Silvana Febiari • 31 March 2026 16:53
Denpasar: Kantor Wilayah Direktorat Jenderal (Kanwil Ditjen) Imigrasi Provinsi Bali kini membuka layanan pengaduan masyarakat. Layanan ini khusus untuk melaporkan pelanggaran keimigrasian yang dilakukan oleh warga negara asing (WNA).
“Masyarakat dapat melaporkan keberadaan WNA yang melakukan pelanggaran keimigrasian,” kata Kepala Kanwil Ditjen Imigrasi Bali Felucia Sengky Ratna, dilansir dari Antara, Selasa, 31 Maret 2026.
Adapun pelaporan tersebut dapat melalui nomor yang aktif 24 jam yakni Kanwil Ditjen Imigrasi pada nomor 0822-2161-6066, Imigrasi Ngurah Rai 0859-4297-1991, Imigrasi Denpasar melalui 0853-3775-2245, dan Imigrasi Singaraja melalui nomor 0813-5390-9733.
Kemudian, Imigrasi Tabanan 0813-5332-300, Imigrasi Klungkung pada nomor 0851-9591-9173 dan Rumah Detensi Imigrasi Denpasar untuk pelaporan pengungsi asing dan pencari suaka pada nomor 0855-9999-108.
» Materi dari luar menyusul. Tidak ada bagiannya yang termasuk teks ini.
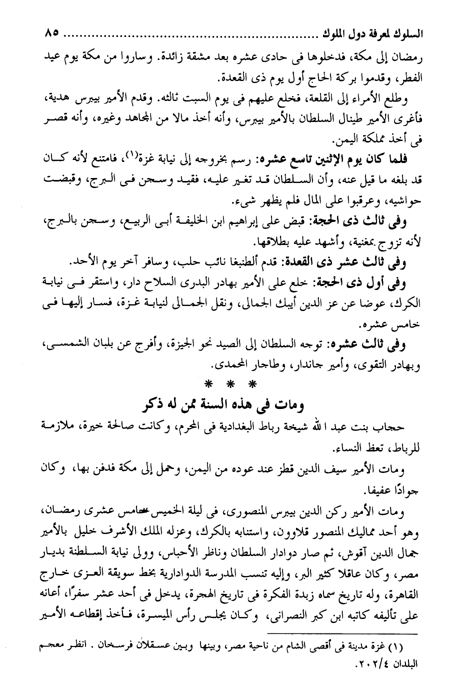 رَمَضَان إِلَى مَكَّة فَدَخَلُوهَا فِي حادي عشره بعد مشقة زَائِدَة. وَسَارُوا من مَكَّة يَوْم عيد الْفطر وَقدمُوا بركَة الْحَاج أول يَوْم ذِي الْقعدَة. وطلع الْأُمَرَاء إِلَى القلعة فَخلع عَلَيْهِم فِي يَوْم السبت ثالثه. وَقدم الْأَمِير بيبرس هَدِيَّة فأغرى الْأَمِير طينال السُّلْطَان بالأمير بيبرس وَأَنه أَخذ مَالا من الْمُجَاهِد وَغَيره وَأَنه قصر فِي أَخذ مملكة الْيمن. فَلَمَّا كَانَ يَوْم الْإِثْنَيْنِ تَاسِع عشره: رسم بِخُرُوجِهِ إِلَى نِيَابَة غَزَّة فَامْتنعَ لِأَنَّهُ كَانَ قد بلغه مَا قيل عَنهُ وَأَن السُّلْطَان قد تغير عَلَيْهِ فقيد وسجن فِي البرج وقبضت حَوَاشِيه وعرقبوا على المَال فَلم يظْهر شَيْء. وَفِي ثَالِث ذِي الْحجَّة: قبض على إِبْرَاهِيم ابْن الْخَلِيفَة أبي الرّبيع وسجن بالبرج لِأَنَّهُ تزوج بمغنية وَأشْهد عَلَيْهِ بِطَلَاقِهَا. وَفِي ثَالِث عشر ذِي الْقعدَة: قدم ألطبغا نَائِب حلب وسافر أخر يَوْم الْأَحَد. وَفِي أول ذِي الْحجَّة: خلع على الْأَمِير بهادر البدري السِّلَاح دَار وَاسْتقر فِي لنيابة الكرك عوضا عَن عز الدّين أيبك الجمالي وَنقل الجمالي لنيابة غَزَّة فَسَار إِلَيْهَا فِي خَامِس عشره. وَفِي ثَالِث عشره: توجه السُّلْطَان إِلَى الصَّيْد نَحْو الجيزة وَأَفْرج عَن بلبان الشمسي وبهادر التَّقْوَى وأمير جاندار وطاجار المحمدي. وَمَات فِي هَذِه السّنة مِمَّن لَهُ ذكر حجاب بنت عبد الله شيخة رِبَاط البغدادية فِي الْمحرم وَكَانَت صَالِحَة خيرة مُلَازمَة للرباط تعظ النِّسَاء. وَمَات الْأَمِير سيف الدّين قطز عِنْد عوده من الْيمن وَحمل إِلَى مَكَّة فَدفن بهَا وَكَانَ جواداً عفيفاً. وَمَات الْأَمِير ركن الدّين بيبرس الْمَنْصُور فِي لَيْلَة الْخَمِيس خَامِس عشرى رَمَضَان وَهُوَ أحد مماليك الْمَنْصُور قلاوون واستنابه بالكرك وعزله الْملك الْأَشْرَف خَلِيل بالأمير جمال الدّين أقوش ثمَّ صَار دوادار السُّلْطَان وناظر الأحباس وَولي نِيَابَة السلطنة بديار مصر وَكَانَ عَاقِلا كثير الْبر وَإِلَيْهِ تنْسب الْمدرسَة الدوادارية بِخَط سويقة الْعزي خَارج الْقَاهِرَة وَله تَارِيخ سَمَّاهُ زبدة الفكرة فِي تَارِيخ الْهِجْرَة يدْخل فِي أحد عشر سفرا أَعَانَهُ على تأليفه كَاتبه ابْن كبر النَّصْرَانِي وَكَانَ يجلس رَأس الميسرة فَأخذ إقطاعه الْأَمِير

Adapun Imigrasi Tabanan dan Klungkung merupakan dua kantor baru yang rencananya akan dibuka resmi pada 6 April 2026.
Di Bali terdapat tiga kantor Imigrasi yaitu Kantor Imigrasi Denpasar mencakup wilayah kerja Kota Denpasar, Kabupaten Badung yakni Badung bagian utara di Kecamatan Abiansemal, Mengwi dan Petang. Kemudian Kabupaten Gianyar, Kabupaten Klungkung, Kabupaten Bangli dan Kabupaten Tabanan.
Selain itu, Imigrasi Ngurah Rai yang mencakup wilayah kerja sebagian di Kabupaten Badung namun memiliki konsentrasi padat WNA yakni Kuta, Kuta Utara dan Kuta Selatan. Kemudian, Kantor Imigrasi Singaraja yang mencakup wilayah kerja Kabupaten Buleleng, Jembrana dan Karangasem.
Adanya dua kantor baru di Tabanan dan Klungkung itu juga diharapkan mendukung pariwisata Bali seiring peningkatan kunjungan wisatawan mancanegara.

Ilustrasi. Medcom
Berdasarkan data Badan Pusat Statistik (BPS) Bali, total wisatawan asing yang mengunjungi Bali selama 2025 mencapai 6,94 juta orang, meningkat 9,72 persen dibandingkan tahun 2024. Dari jumlah tersebut, 331 orang dideportasi melalui Imigrasi Ngurah Rai, sementara 28 orang dideportasi melalui Imigrasi Singaraja.
Kebanyakan pelanggaran keimigrasian yang terjadi adalah tidak mematuhi aturan undang-undang dan melebihi batas izin tinggal. Tiga negara dengan jumlah pelanggaran terbanyak adalah Rusia, Australia, dan Amerika Serikat.